0632 GMT February 23, 2018
The survey released by the Democratic firm Public Policy Polling showed that 48 percent of the respondents would support Trump's impeachment, while only 41 percent would opposed it.
The same polling company reported three months ago that Americans were evenly divided on the issue.
The Tuesday poll was conducted between May 12 and 14, interviewing 692 registered voters with a minus 3.7 percent margin of error.
According to a Gallup survey released a day earlier, Trump’s job approval ratings after more than 100 days in office were the least among four US presidents.
It showed that only 38 percent of Americans approved of Trump’s performance as president, while 57 percent were unhappy with it. Trump’s predecessor Barack Obama had an approval rating of 64 percent at this point in his presidency.
The number stood at 56 percent for his Republican predecessor George W. Bush.
At least 12 congressional democrats have called for Trump's impeachment since he took office in January.
The results of both surveys were released after Trump's controversial dismissal of FBI director James Comey, but before reports that Trump shared classified information with Russians.
The combination of Trump firing Comey while his campaign was under FBI investigation for possible collusion with Russia and the president subsequently admitting that he had done so in part because of his frustrations over the Russia investigation was a key factor for Democrats in US Congress to mull removing Trump from office.

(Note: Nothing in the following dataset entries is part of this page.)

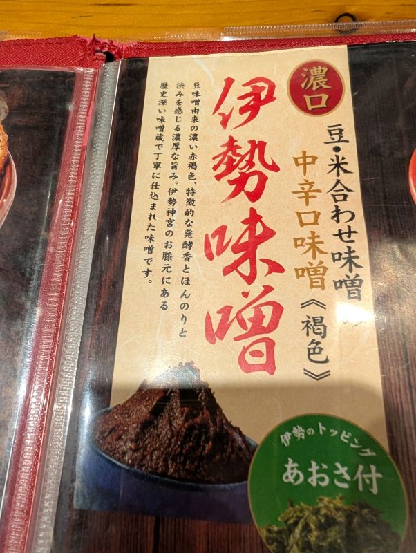 伊勢味噌は豆・米合わせ味噌。褐色の中辛口味噌、濃い口です。初めてスープを飲んだ時は、ちょっと苦みを感じました。大人の味噌?食べ進むと、徐々にマイルドに。「あおさ」の力かな。レンゲがとまらなくなります。
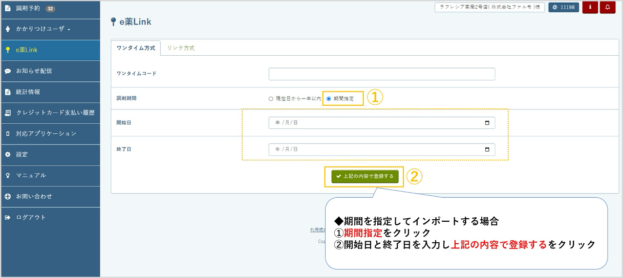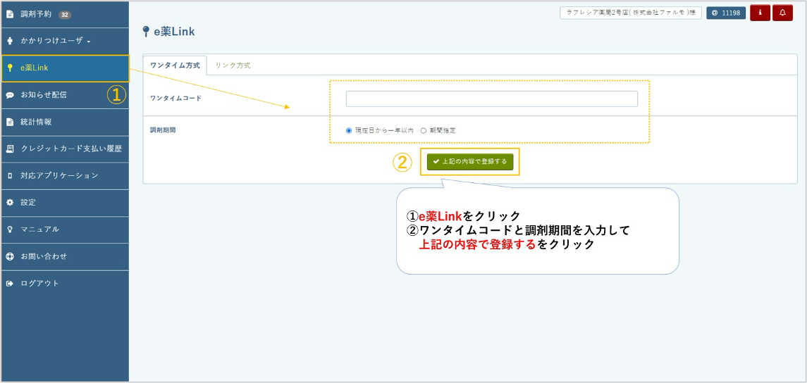 お薬手帳管理画面にて「e薬Link」を選択>ワンタイムコードと調剤期間を入力し、
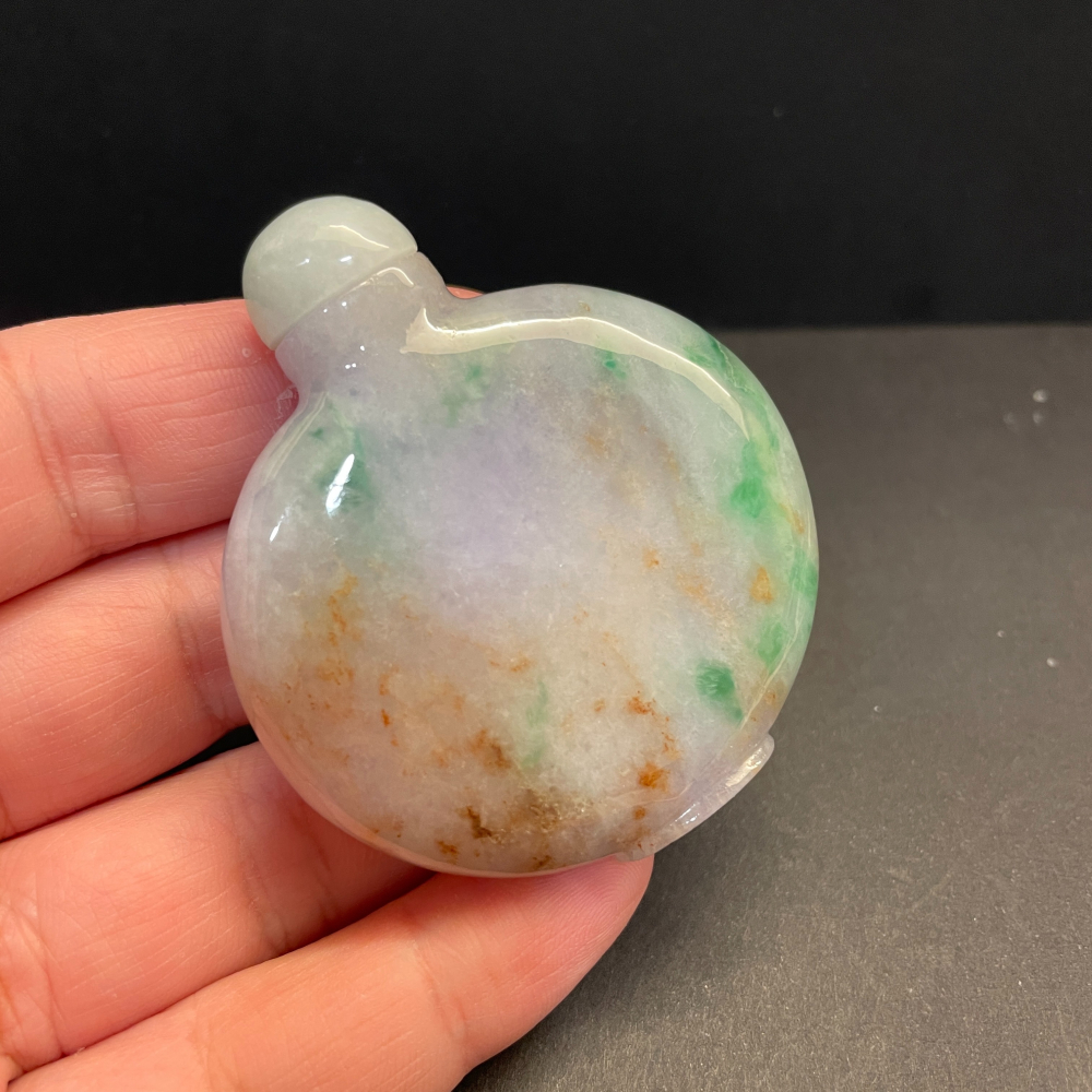 瀚玉珠寶 天然緬甸玉 三彩翡翠鼻煙壺 紫綠紅三色 緬甸玉鼻煙壺 福祿壽 螺旋紋 可開蓋
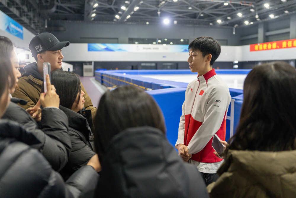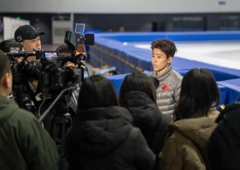 1月21日,中國短道速滑國家集訓隊隊員孫龍接受媒體采訪。新華社記者 孫非 攝
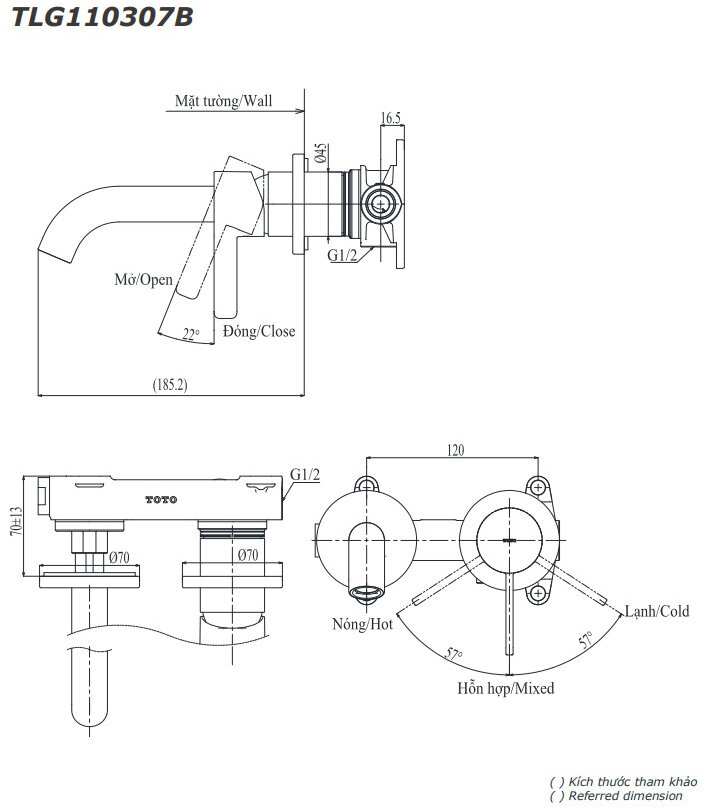 Bản vẽ kỹ thuật Vòi lavabo gật gù nóng lạnh gắn tường GF TOTO TLG11307BA
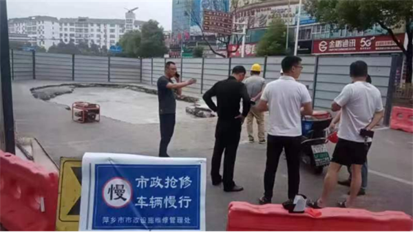 萍乡北桥一路段塌陷!城管局长现场指挥
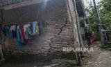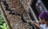 REPUBLIKA.CO.ID,LEBAK -- Warga menunjukkan retakan dinding rumah yang rusak akibat pergerakan tanah di Cigoong Utara, Lebak, Banten, Selasa (28/2/2023).
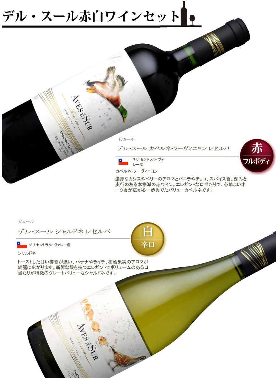 ◆チリ セントラル・ヴァレー産 紅白セット コスパ抜群の超・旨安、赤ワイン1本と白ワイン1本のセットです。
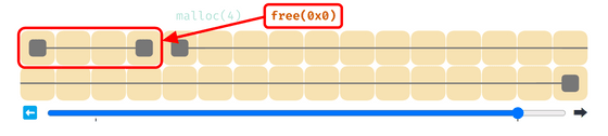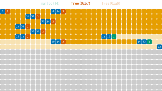 할당 리스트를 보면 몇 바이트의 메모리를 해제하면 되는지 알기 때문에, free를 실행하는 것이 가능하게 되었습니다. 해제된 메모리는 해제 목록에 등록됩니다.
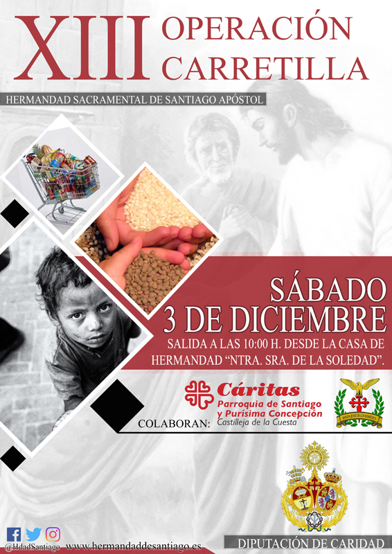 La Hermandad Sacramental de Santiago Apóstol, a través de su Diputación de Caridad y en colaboración con Cáritas Parroquial de Santiago y Purísima Concepción, celebrará el próximo sábado 3 de diciembre su XIII Operación Carretilla. Como es tradicional, los alimentos colectados se destinarán a dicho grupo parroquial para su correcta redistribución entre las personas más desfavorecidas de nuestra localidad.

“President Trump has committed an act for which he should be charged by the US House of Representatives. The act is the obstruction of a lawful investigation of the president’s campaign ties to Russia influence in his 2016 presidential election,” said Al Green, a Democratic senator from the US state of Texas. “President Trump is not above the law. He has committed an impeachable act and must be charged. To do otherwise would cause some Americans to lose respect for, and obedience to our societal norms. This is not personal, this is constitutional."
Additionally, US Senate Minority Leader Chuck Schumer said on Tuesday that Trump’s intelligence sharing with Russians had exposed Americans to a “greater risk,” and the president had to provide Congress with a transcript of his meeting with top Russian officials after he reportedly discussed highly classified information.
"I am calling on the White House to make a transcript of the meeting with the Russian foreign minister and ambassador available to the congressional Intelligence Committees as soon as possible," Schumer said.
He added that if Trump "has nothing to hide, he should direct that the transcript of the meeting be made available."
Arguing that the Trump administration is in a “crisis of credibility,” the Senate’s top Democrat stressed that the reporting, if accurate, means Trump “may have badly damaged our national security, nothing less, and in several ways.”
White House press secretary Sean Spicer, however, insisted that Trump's conversation with Russian Foreign Minister Sergey Lavrov and Russia's ambassador to the US, Sergey Kislyak, were not intelligence leaks, but rather they discussed common threats to the two countries.
Spicer declined to comment on the lawmakers' demand for access to the transcript of Trump's controversial meeting.